Pisama uses five detection tiers:
| Tier | Method | Cost | When It Runs |
|---|---|---|---|
| 1 | Hash comparison | ~$0.00 | Always — every trace |
| 2 | State delta analysis | ~$0.00 | Always — every trace |
| 3 | Embedding similarity | $0.01-0.02 | When tiers 1-2 are inconclusive |
| 4 | LLM judge | $0.02-0.10 | Gray-zone cases only |
| 5 | Human review | Variable | High-stakes decisions |
Tiers 1 and 2 are pure heuristics: hash collisions, type changes, pattern matching, coverage counting. They run on every trace and catch the majority of failures at zero marginal cost.
Tier 3 uses embeddings for cases that require fuzzy matching — semantic loop detection (same meaning, different words), persona drift measurement, grounding verification. This costs a few cents per trace.
Tier 4 invokes an LLM only for cases where the lower tiers produced low-confidence results. On TRAIL, approximately 40% of failures require escalation beyond heuristics. But the remaining 60% are caught for free.
The average cost per trace across our production workload is under $0.05. Compare that to running every trace through a frontier LLM at $0.10-0.30 per trace — a 2-6x cost reduction with better accuracy on structural failures.

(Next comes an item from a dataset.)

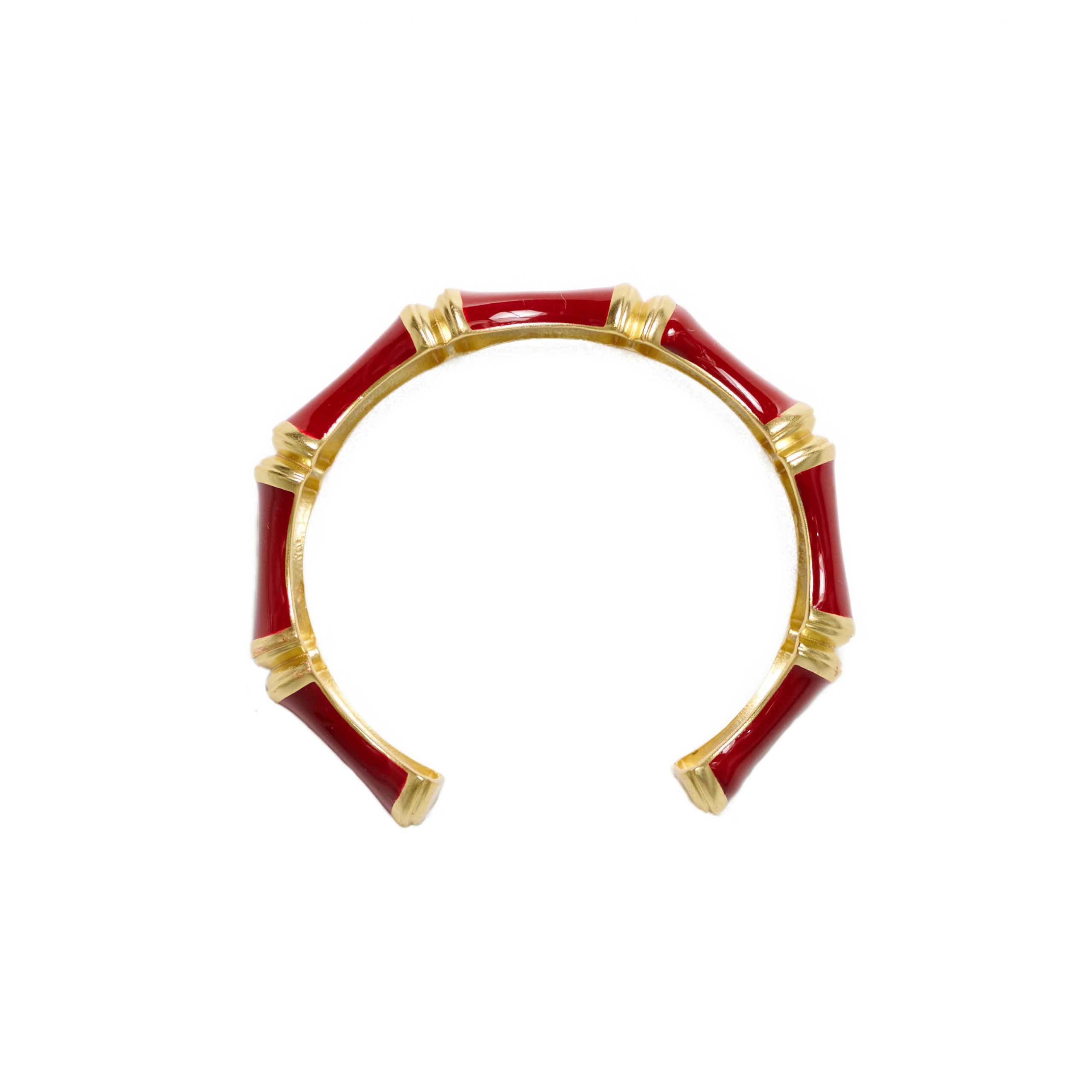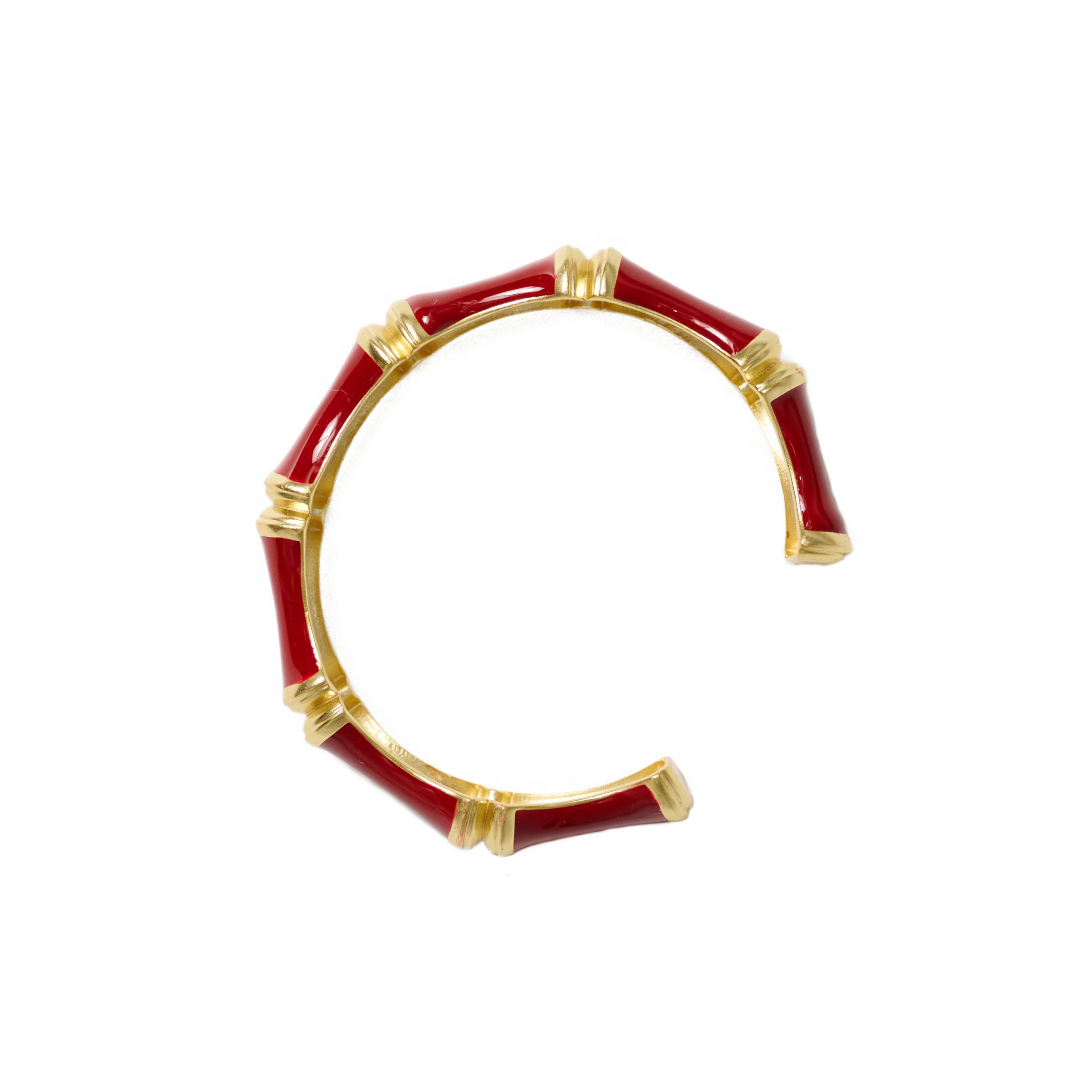 Bamboo design for a bracelet with hand made burgundy enamel over 24k gold layered brass.

If you're building evaluation pipelines for AI agents, three takeaways from our data:
1. Don't default to LLM-as-judge for everything. It's the most expensive option and underperforms on structural failure categories. Use it where it adds unique value: blame attribution, novel failure detection, subjective quality.
2. Invest in heuristic detectors for known failure patterns. Loops, state corruption, context neglect, specification compliance — these have strong structural signals. A well-calibrated heuristic detector will be faster, cheaper, and more accurate than an LLM judge for these categories.

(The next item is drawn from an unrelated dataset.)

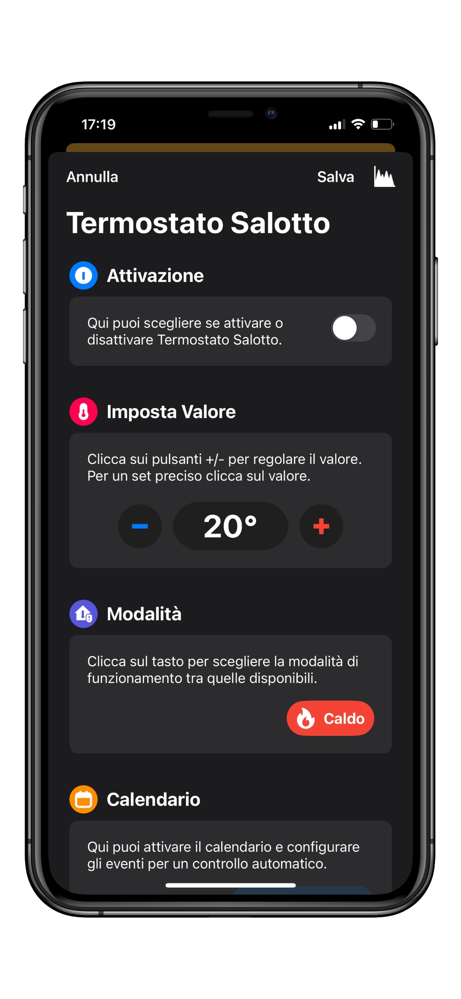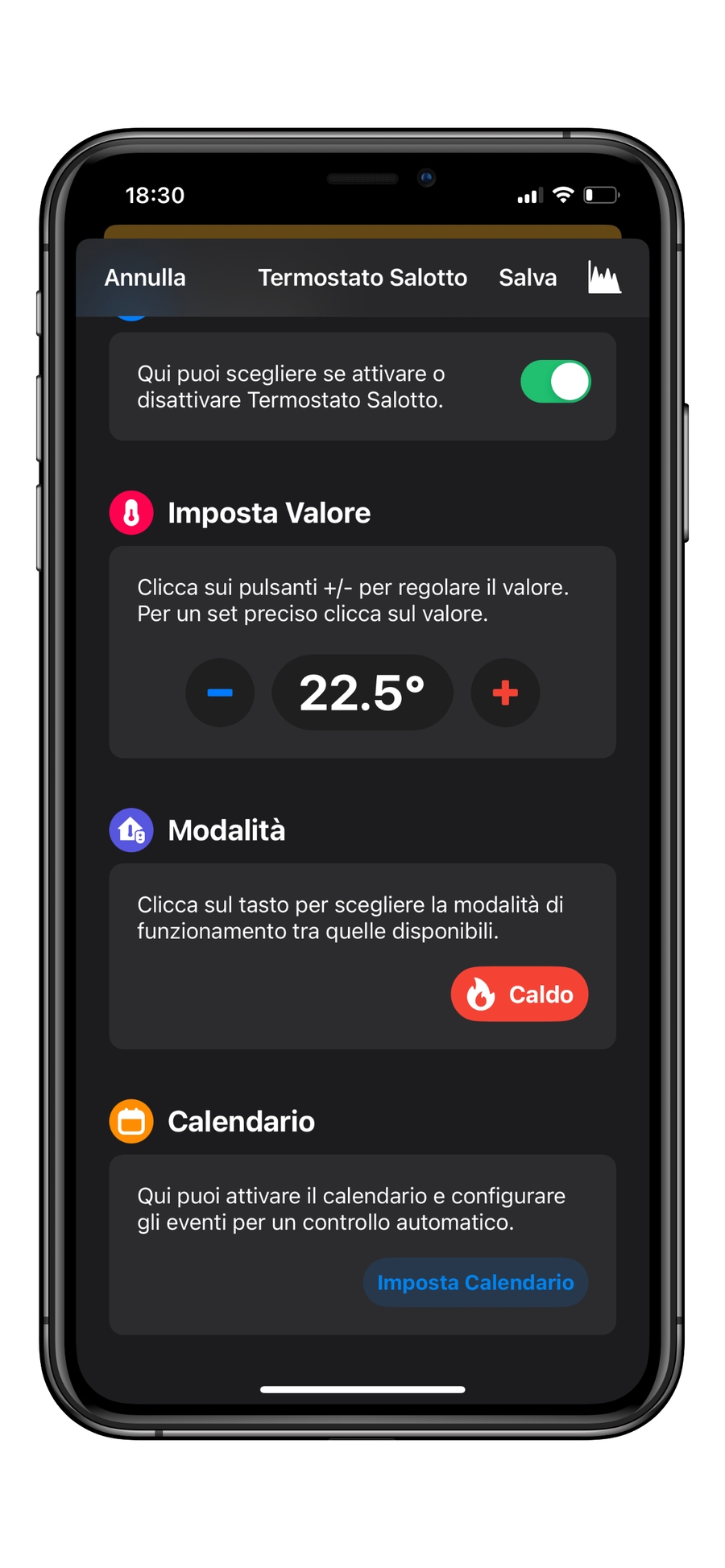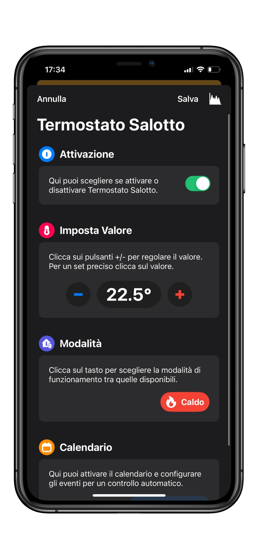 Per ora ci limiteremo ad attivare il termostato e ad impostare la temperatura a 22.5°C. Quindi premiamo il pulsante Salva in alto a destra.

3. Tier your detection pipeline. Run cheap checks first. Escalate to expensive checks only when needed. This isn't just a cost optimization — it's an accuracy optimization. Heuristics have higher precision on structural failures because they're measuring the exact signal rather than reasoning about it.
The 60.1% vs 11% gap on TRAIL isn't because frontier LLMs are bad at reasoning. It's because systematic structural analysis is a different skill than open-ended language understanding, and purpose-built tools outperform general-purpose tools on well-defined tasks. This has been true in software engineering for decades. It's equally true for agent evaluation.
pip install pisama
from pisama import analyze
result = analyze("trace.json")
for issue in result.issues:
print(f"[{issue.type}] {issue.summary}")
print(f" Severity: {issue.severity}/100")
CLI and MCP server for IDE integration:
pisama analyze trace.json
pisama watch python my_agent.py
pisama detectors
Full documentation at docs.pisama.ai. Source and benchmark reproduction instructions at github.com/tn-pisama/mao-testing-research.
All calibration data, benchmark scripts, and detector source code are open. We'd rather have the approach scrutinized and improved than accepted on authority.